## Required work
The answer must consist solely of the lines below starting at the one containing "Kalau ini karya" and ending at the one containing "One of the most", repeated exactly, with both ends included and all pictures omitted.

## Exercise data
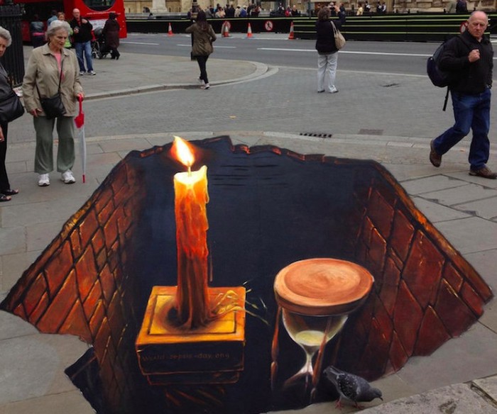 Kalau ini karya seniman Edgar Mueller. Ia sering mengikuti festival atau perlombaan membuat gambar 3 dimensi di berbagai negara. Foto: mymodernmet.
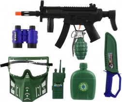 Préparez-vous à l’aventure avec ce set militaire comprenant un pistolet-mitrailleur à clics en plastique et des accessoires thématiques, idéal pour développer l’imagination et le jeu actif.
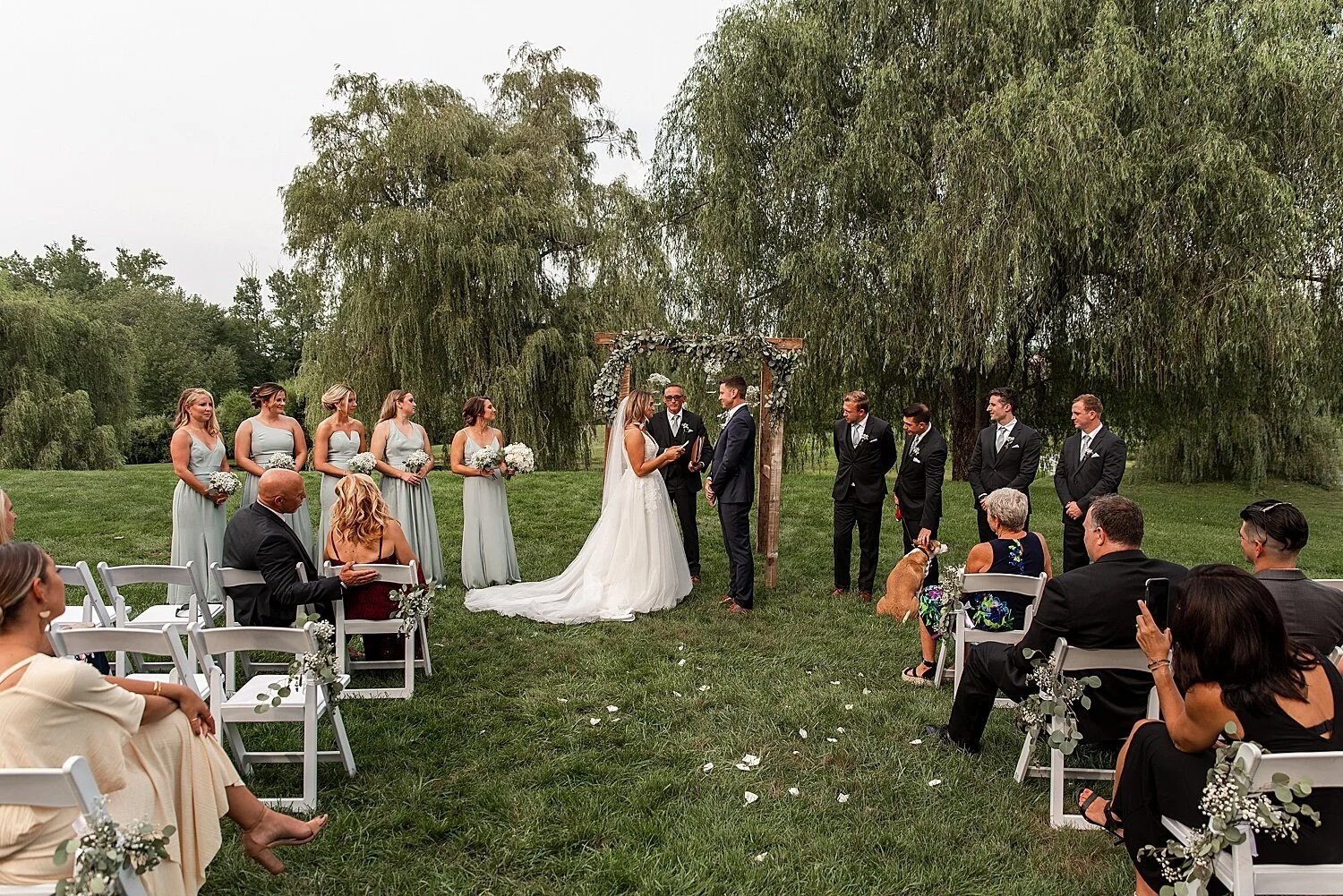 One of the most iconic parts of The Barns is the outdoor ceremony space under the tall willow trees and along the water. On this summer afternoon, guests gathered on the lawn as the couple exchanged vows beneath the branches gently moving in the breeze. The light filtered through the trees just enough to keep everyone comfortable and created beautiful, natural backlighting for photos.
* * *
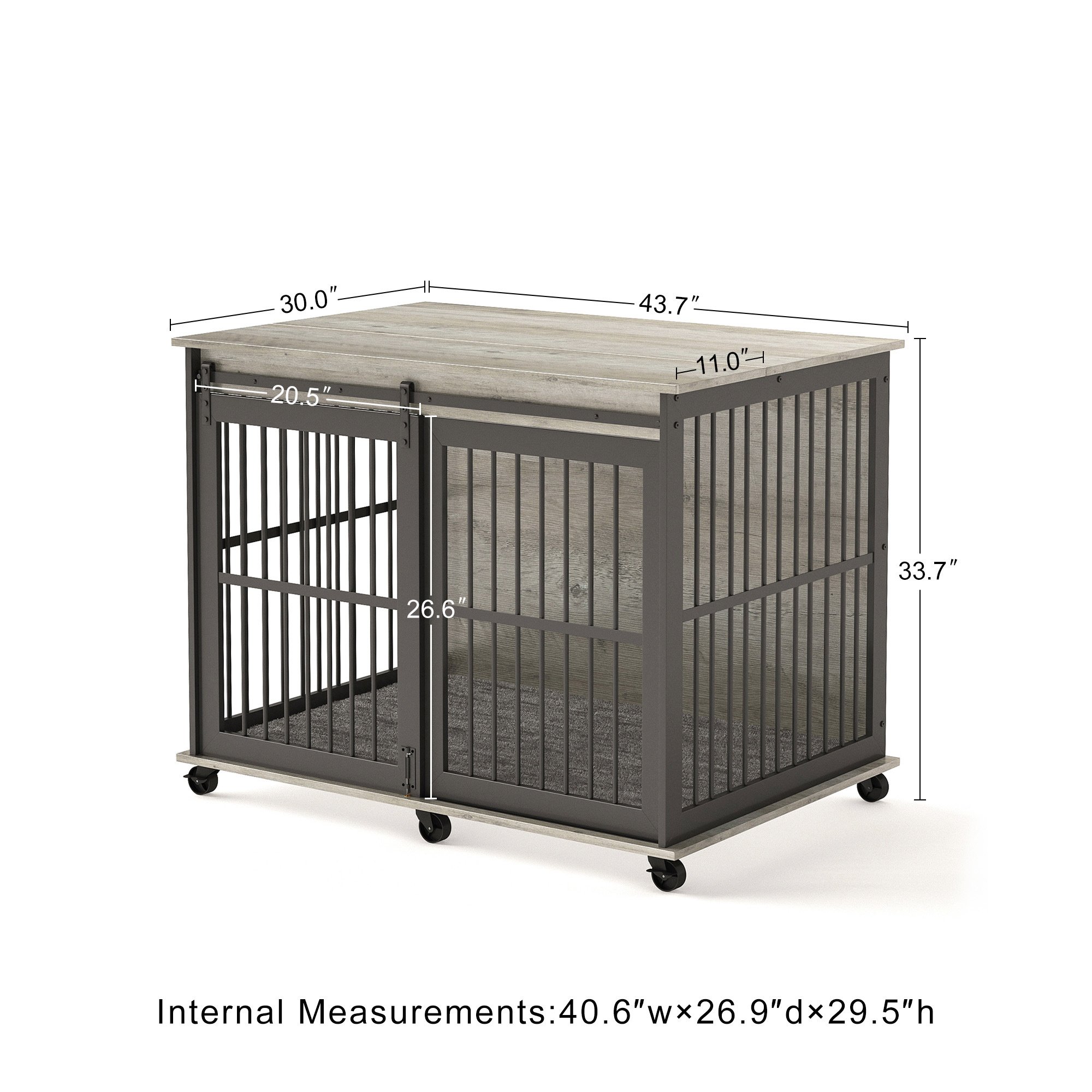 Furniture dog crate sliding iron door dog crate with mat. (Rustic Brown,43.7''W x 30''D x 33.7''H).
==
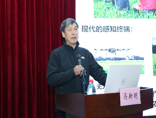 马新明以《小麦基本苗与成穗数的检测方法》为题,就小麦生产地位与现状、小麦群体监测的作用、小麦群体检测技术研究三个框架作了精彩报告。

## Output
 Kalau ini karya seniman Edgar Mueller. Ia sering mengikuti festival atau perlombaan membuat gambar 3 dimensi di berbagai negara. Foto: mymodernmet.
 Préparez-vous à l’aventure avec ce set militaire comprenant un pistolet-mitrailleur à clics en plastique et des accessoires thématiques, idéal pour développer l’imagination et le jeu actif.
 One of the most iconic parts of The Barns is the outdoor ceremony space under the tall willow trees and along the water. On this summer afternoon, guests gathered on the lawn as the couple exchanged vows beneath the branches gently moving in the breeze. The light filtered through the trees just enough to keep everyone comfortable and created beautiful, natural backlighting for photos.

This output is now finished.